Also, since I was planning to run for City Council the following November and knew my constituents would expect me to talk about the

case, I didn’t want to put myself in a position where I would have to worry that anything I said about my innocence and Sullivan’s frameup could be connected to the “evidence” and subject me to another arrest, jail time, and forfeiture of the bail bond. The third reason was that it seemed to me that they were asking me to give up my First Amendment rights which I would not do.

The action by McNeil put a lot of stress on my legal team which will be discussed in the next installment–What First Amendment?. At the same time, it opened the door for Council President Ross to dismiss the fact finder. Since the government was barring me from discussing

any of the evidence publicly, Ross reasoned that the fact finder would be similarly barred and therefore would have no ability to present

information to the Council about my alleged crime.  Looking ahead to the future, he proposed as part of the Council rules that if any Council member was convicted of a felony, the Council would have the right to meet and decide what action to take.

I supported Council President Ross’ position. Since he had dismissed the fact finder, I realized he needed something to appease those in

the court of public opinion who wanted my head. However, even if convicted I didn’t think that the Council had any authority to remove me from the Council. Under state law, only if convicted and sentenced to jail would I have to vacate the seat.  Nevertheless, the Council did remove me after my conviction.

An eminent, retired Boston lawyer, Chester Darling, based on his view that the Council had no legal right to remove me, volunteered to come

out of retirement to represent me and to challenge the Council’s action in federal court. Mark Wolf, Chief Justice of the Massachusetts

federal bench accepted the case but asked the Massachusetts Supreme Judicial Court (SJC) to give their opinion before he makes a ruling

since the case involves state election laws. We expect the SJC to have their hearing on the issue this October.

Before leaving this narrative of the Council aspect of my three year struggle, let me clarify that the Council as a body did not authorize any of Council President Feeney’s actions or seem to play a role in their development. The Council President’s only advisor in City Hall seemed to be Corporation Counsel Sinnott, the Mayor’s lawyer. In fact, I was very pleased with the fact that the the Councilors handled a difficult situation in a very professional manner. I never felt that the accusations against me stopped them or in fact City employees from working with me on the issues and concerns of my constituents.

As expected, the three councilors of color, Charles Yancey, Felix Arroyo, and Sam Yoon were very supportive, continuing the process of

our working together as Team Unity. Initially, however, I was surprised by my periodic conversations with Steve Murphy, an at large

Councilor from Hyde Park. The first time we talked about the situation, he approached me and said that he really felt very sorry about what was happening.
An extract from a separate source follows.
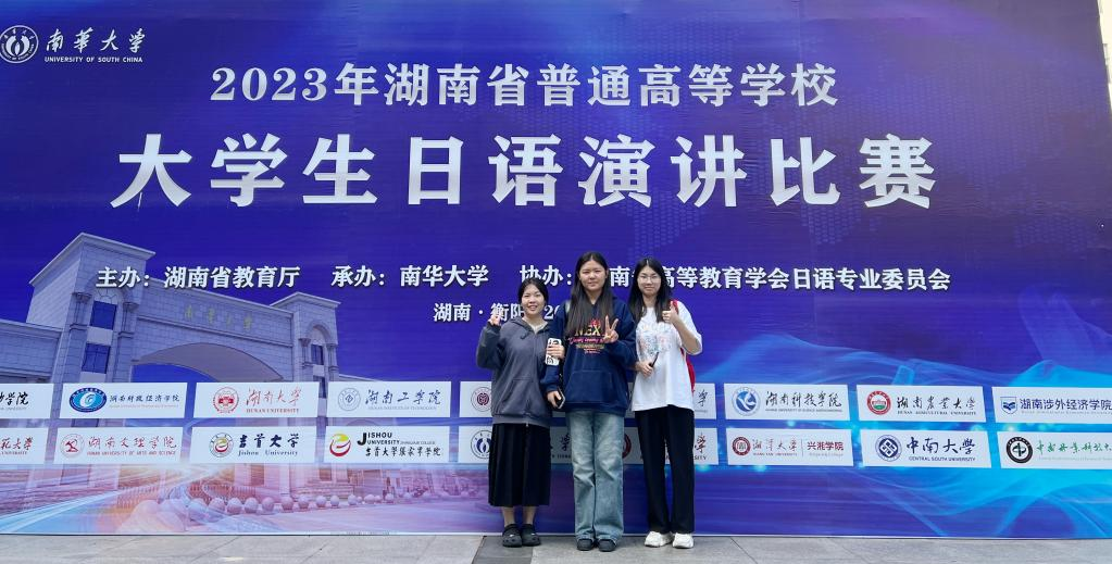 本网讯(通讯员 宋琳)11月5日,我院日语系学生于璟、游紫荆、周霜团队参加第十四届湖南省普通高等学校大学生日语演讲比赛,荣获团体一等奖。

He said that his father who had been a policeman and prosecutor had told him that based on his experience, he thought that I was innocent and that he believed his father’s view.
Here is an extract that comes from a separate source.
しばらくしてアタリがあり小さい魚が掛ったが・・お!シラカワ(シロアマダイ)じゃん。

Steve and I had worked effectively together on some issues, especially discrimination against those with criminal records. We also had clashed on other issues. However, our interactions around my arrest and indictment seemed to rise above the day to day tension of Boston politics. We seemed to be able to make a human connection based on

what seemed to be an empathy he felt for my dilemma. In another conversation, he said that he knew I couldn’t have been involved in a conspiracy with the Senator because during the period of the alleged conspiracy, she refused to support his at large candidacy because he chaired a hearing I sponsored focusing negatively on her support for a dormitory Northeastern University wanted to build on land in our district.

B) Analysis:

1) Triple Teamed:

In installments two and three, I discussed how US prosecutors carry out doubling teaming. The most obviously instance is through their relationship with the media. As the prosecutors, they bring the

evidence to the grand jury, receive the indictments, and then go to court to begin the legal process. However, often before even getting

an indictment from the grand jury, they initiate the media process in the court of public opinion as they did in my case.
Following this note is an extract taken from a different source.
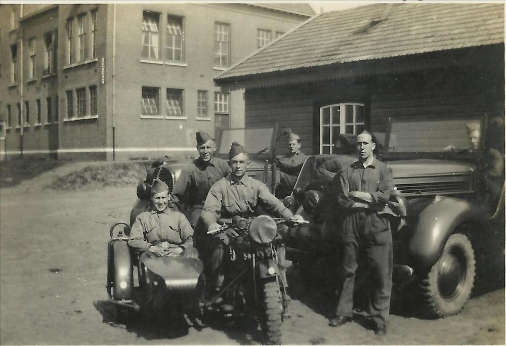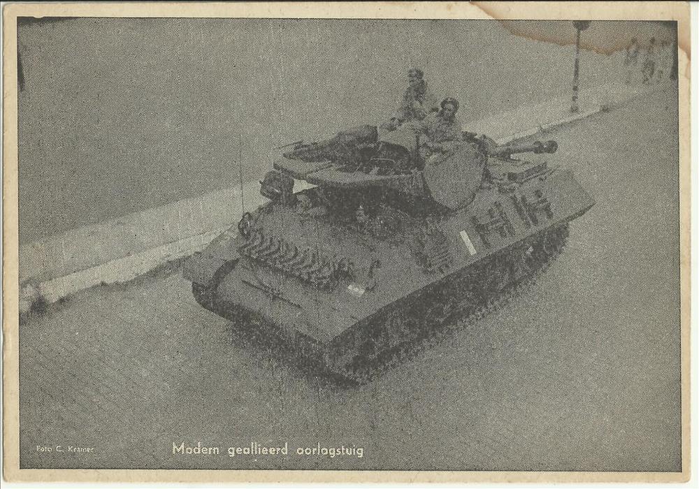 Foto van terugtrekkende Duitse voertuigen in Nederla...

Thus the defendant finds himself or herself double teamed. In federal court, the defendant has to face the charges that are being brought by

prosecutors with all the weapons that they have at their disposal. While in the court of public opinion, the defendant has to face the constant barrage of publicity designed to convince the public of the person’s guilt long before the defendant has the ability to defend h/erself in federal court.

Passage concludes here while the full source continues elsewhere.